Cluster check package
This package holds the cluster-agent logic to detect and dispatch cluster checks
on node-agents that report to it. The actual scheduling as delegated to the
node-agents' collector, the cluster-agent is only responsible for spreading
the load across available nodes.
Architecture
+-------------+
| node agents |
+-+-----------+
|
| queries (/v1/api/clusterchecks/)
|
+---------v----------+
+----------+ setups | Handler | watches +----------------+
| AutoConf <-----------+ Public API +-------------> leaderelection |
+-----+----+ | init logic, glue | +----------------+
| +---------+----------+
| |
| sends | inits
| configs | passes queries
| |
| +-------------v-----------+
| | dispatcher |
+------------> Runs the dispatching |
| logic in a goroutine |
| |
| +-----------------+ |
| | clusterStore | |
| | holds the state | |
+---+-----------------+---+
Handler
The Handler
class holds the init logic and the glue between components.
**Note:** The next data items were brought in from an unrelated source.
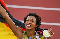 ![]() Malaika Mihambo shortly after the final. | ||||||||||
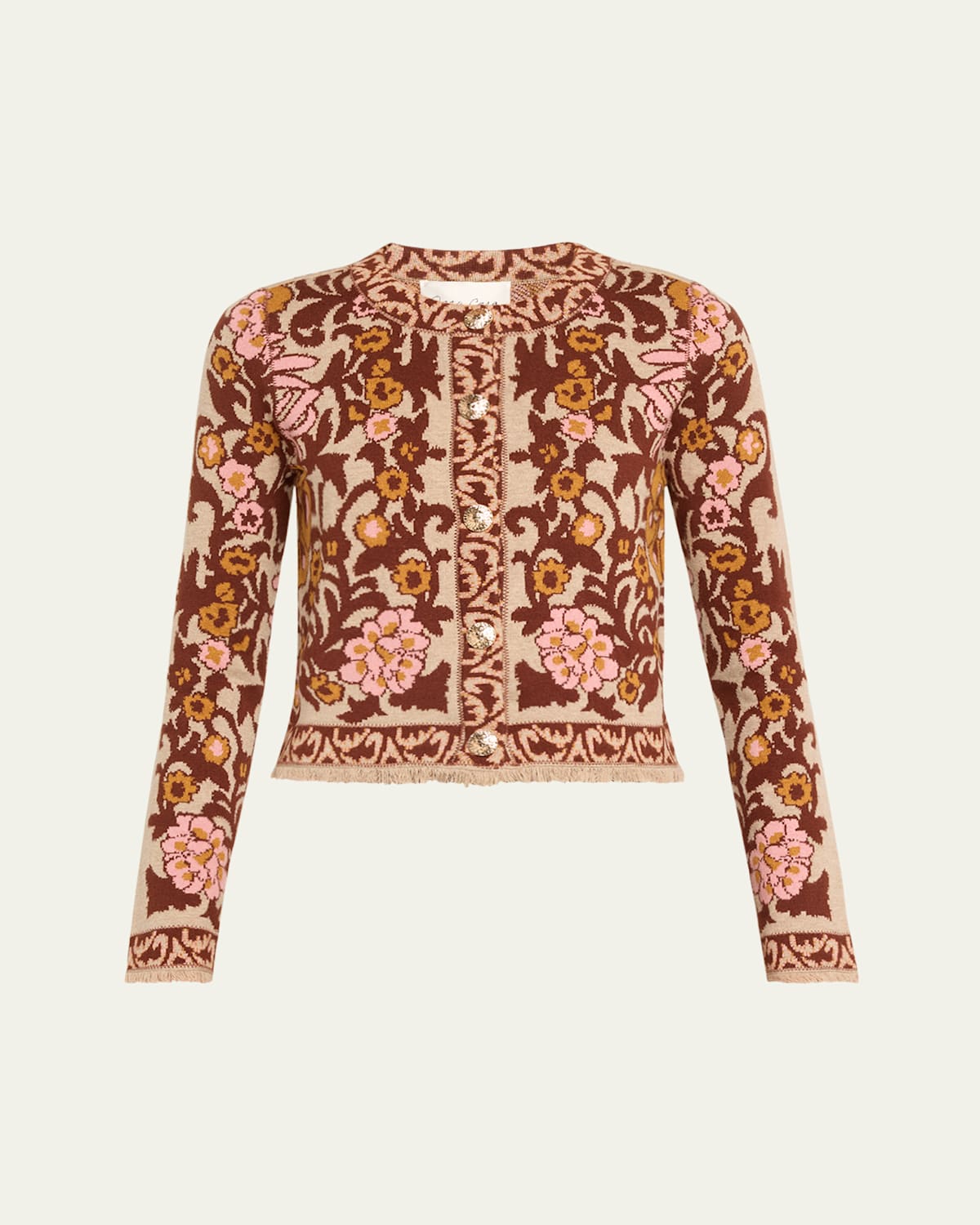 Cara Cara "Livi" jacquard jacket features goldtone buttons and a woven motif with contrast border trim Round neckline Long sleeves Button placket Slim fit Fringe trim Wool/cotton Unlined Dry clean Imported
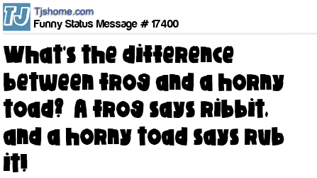 X is what's the difference between frog and a horny toad? A frog says ribbit, and a horny toad says rub it!
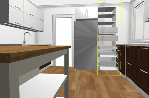 I am going with Ikea boxes, probably with semi-custom doors with 2" lighting valances and side slabs for exposed sides and around the fridge (waiting
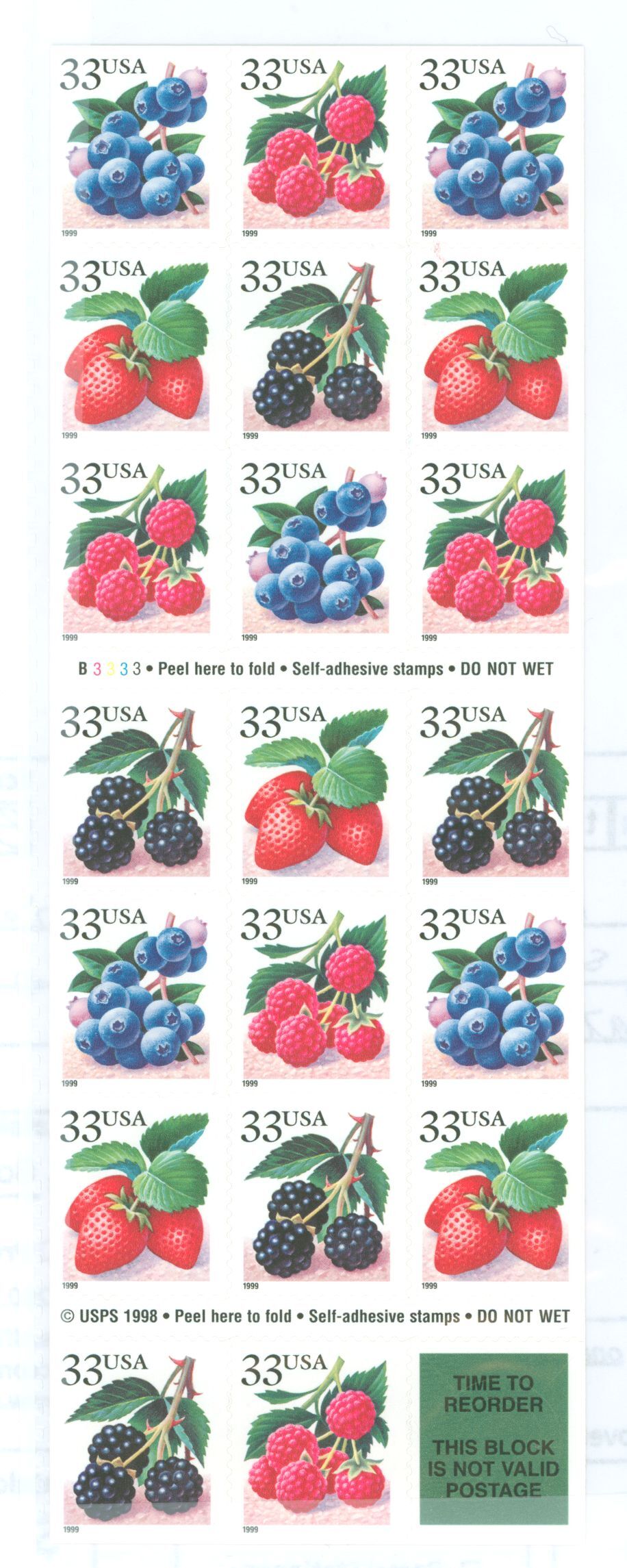 1999 Flora, Fruit, Berries, Complete S/A Booklet of 20, with Plate #B3333APS Stamp Id: 501757231
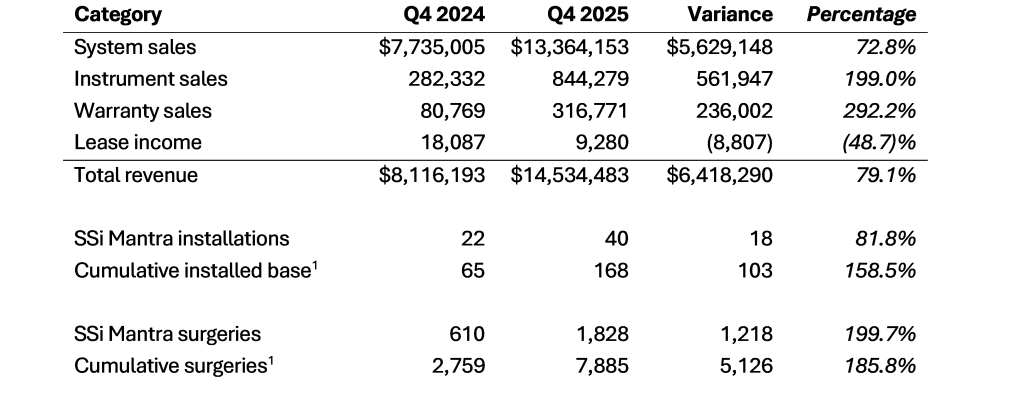 - SSi Mantra surgical robotic system installations totaled 40, up 81.8% from 22 installations in the fourth quarter of 2024 and up 48.1% from 27 installations in the third quarter of 2025.
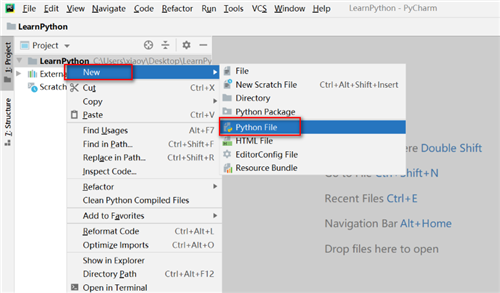 8:选中“LearnPython”,右键点击【New】->【Python File】,新建Python文件,如图:
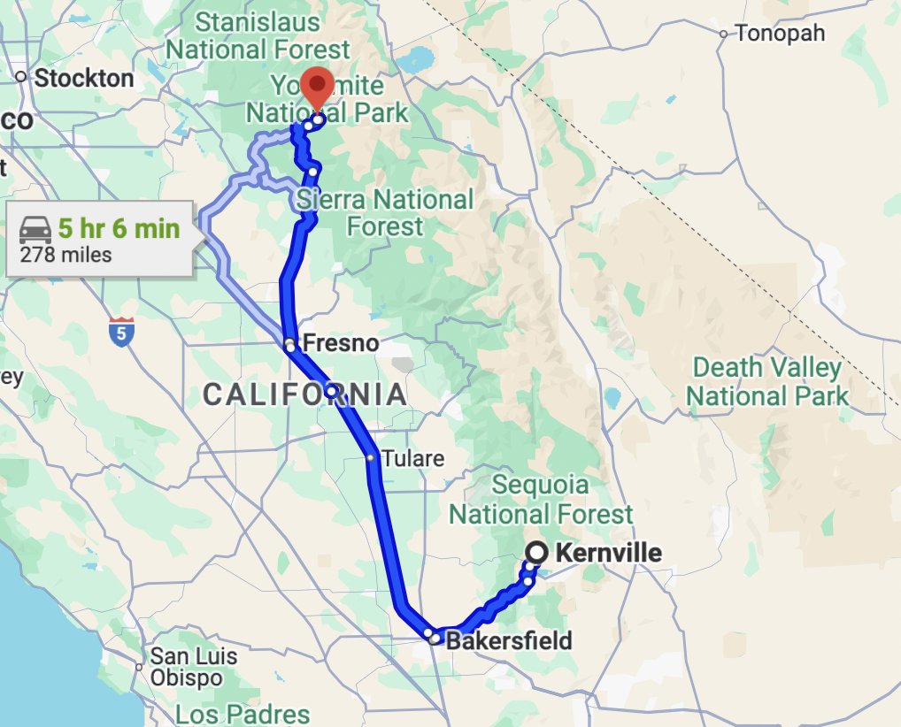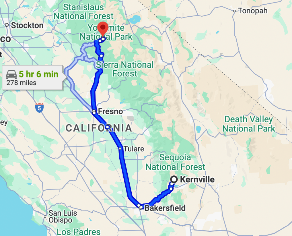 On the way out of town we stopped at Sequoia Mountain Bakery, where I picked up a very good scone to go with the thermos of coffee I’d made back in the room, preparing for the nearly six hour drive in front of me. Marty would join me for the ride, making the time fly by as we again navigated that narrow canyon back down to Bakersfield, and the drove north on Highway 99 to Fresno where we jumped on Highway 41 through Oakhurst and into the park.
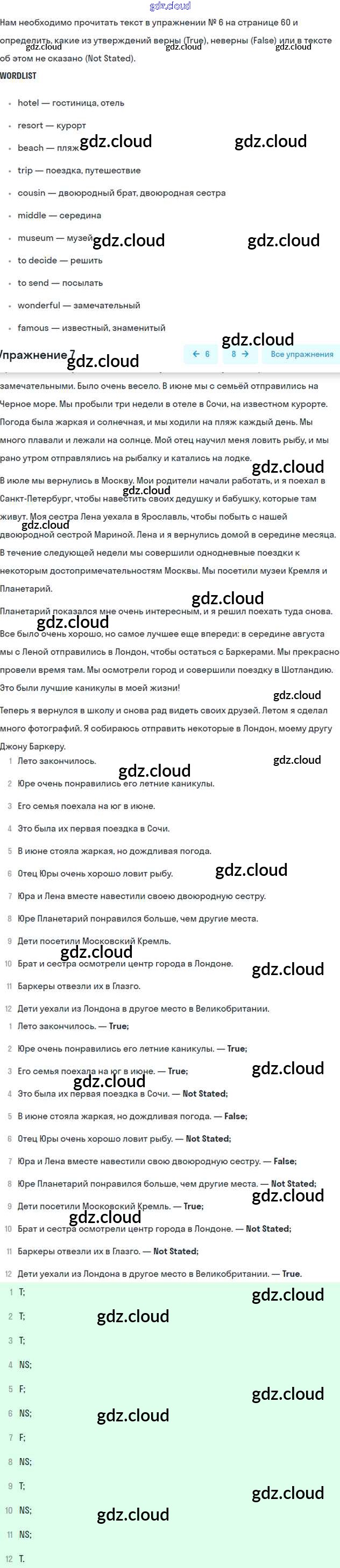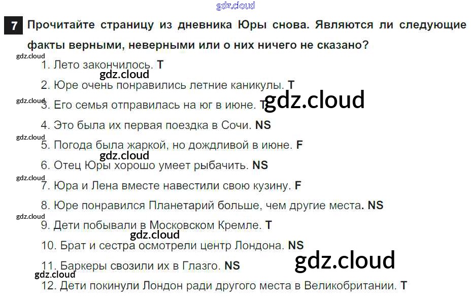 Ответ на задание 7 Учебник Английский язык  за 6 (шестой) класс Афанасьева, Михеева, Баранова Rainbow  2017 Часть 1, 2
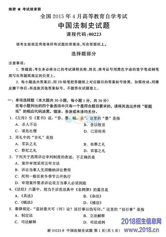 全国2015年4月自学考试《中国法制史》真题
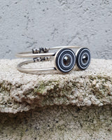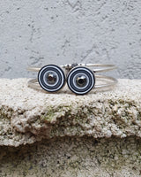 oxidized silver plated zamak, polymer clay and swarovski crystals.
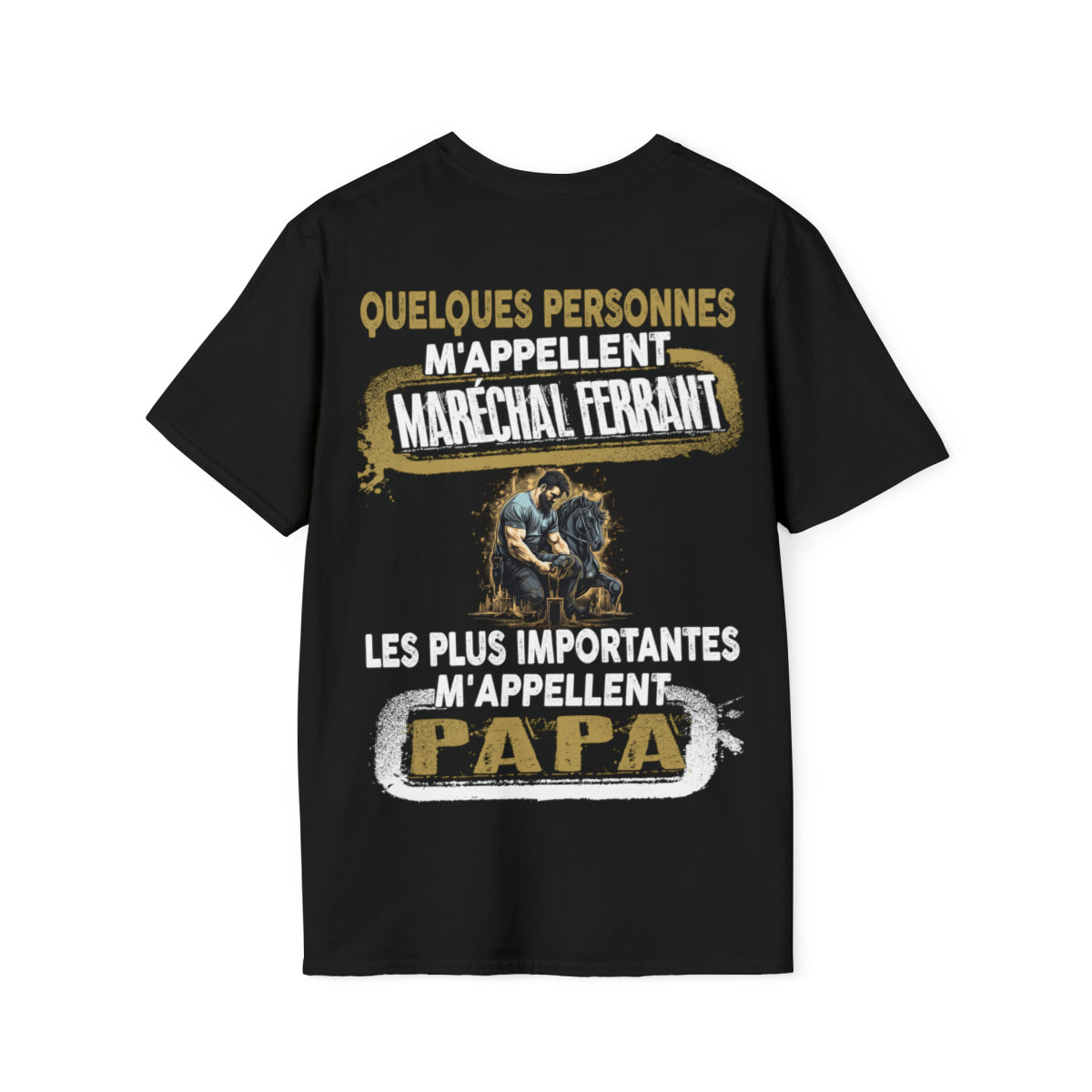 Ce t-shirt arbore le message audacieux « Quelques personnes m'appellent Maréchal ferrant, les plus importantes m'appellent papa. », parfait pour tout maréchal-ferrant passionné par son travail. Le tissu doux et confortable vous gardera à l'aise toute la journée, que vous ferriez des chevaux, nettoyiez des stalles ou que vous profitiez simplement de la nature. Ce t-shirt est le moyen idéal de montrer votre fierté d'être maréchal-ferrant.
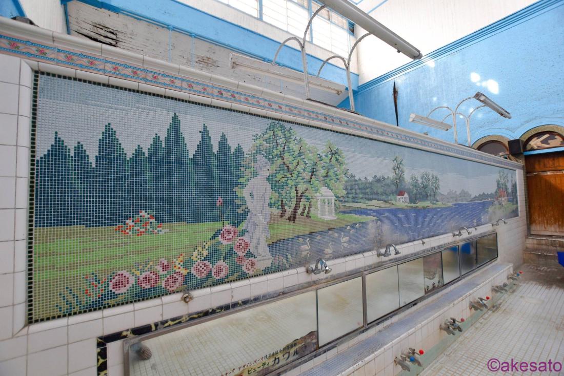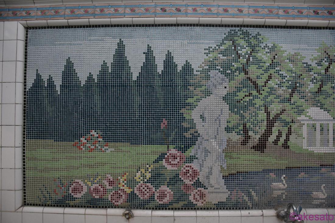 男湯の浴室。ヨーロッパを感じるモザイクタイルが凄い…上部には華やかなマジョリカタイルも。
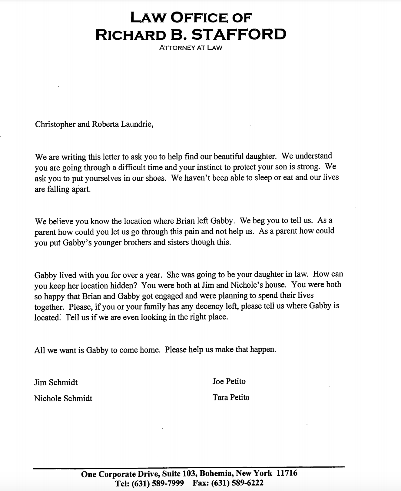 The Petito and Schmidt family released a statement Thursday pleading with the Laundrie family to help them find Gabby.
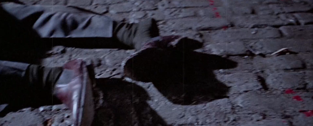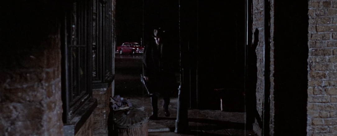 The scarlet sedan follows him slowly down a deserted rainy street. Once he is cornered at a dead end, the car shines its bright headlights, blinding Klermer. The car speeds up and smashes him into the brick wall as Wilcox’s camera delivers his death with a close-up of his eyes. The sound of the engine and the tires moving forward and backward are meticulously timed, causing us to shudder in that tight, dead-end alleyway as Klermer is being crushed under the angry wheels.

It has the following
scope:
- initialise the other classes and register them
- handle the api calls from the node-agents, through the dispatcher
- watch the leader-election status when configured, and handle the dispatcher's lifecycle accordingly
dispatcher
The dispatcher
has the following scope:
- handle incoming messages (new / removed configs) from the AutoConf system, and
update the store accordingly
- watch node statuses and de-register stale nodes
- re-dispatch orphaned configs
- expose its state to the Handler
clusterStore and nodeStore
These classes hold the dispatching state and provide convenience methods to make sure the
state stays consistent.
To ensure dispatcher
operations (that require several reads / writes to the store) are
atomic, the stores are designed with an external locking, held by the dispatcher
on access.
Node-agent communication
The node-agent queries the cluster-agent through the autodiscovery ClusterChecksConfigProvider
.
As nodes can be removed without notice, the cluster-agent has to detect when a node is not
connected anymore and re-dispatch the configurations to other, active, nodes.
This is handled by the node_expiration_timeout
option (30 seconds by default) and the
dispatcher.expireNodes
method. The node-agents heartbeat is updated when they POST on the
status
url (10 seconds in the default configuration). When that heartbeat timestamp is too
old, the node is deleted and its configurations put back in the dangling map.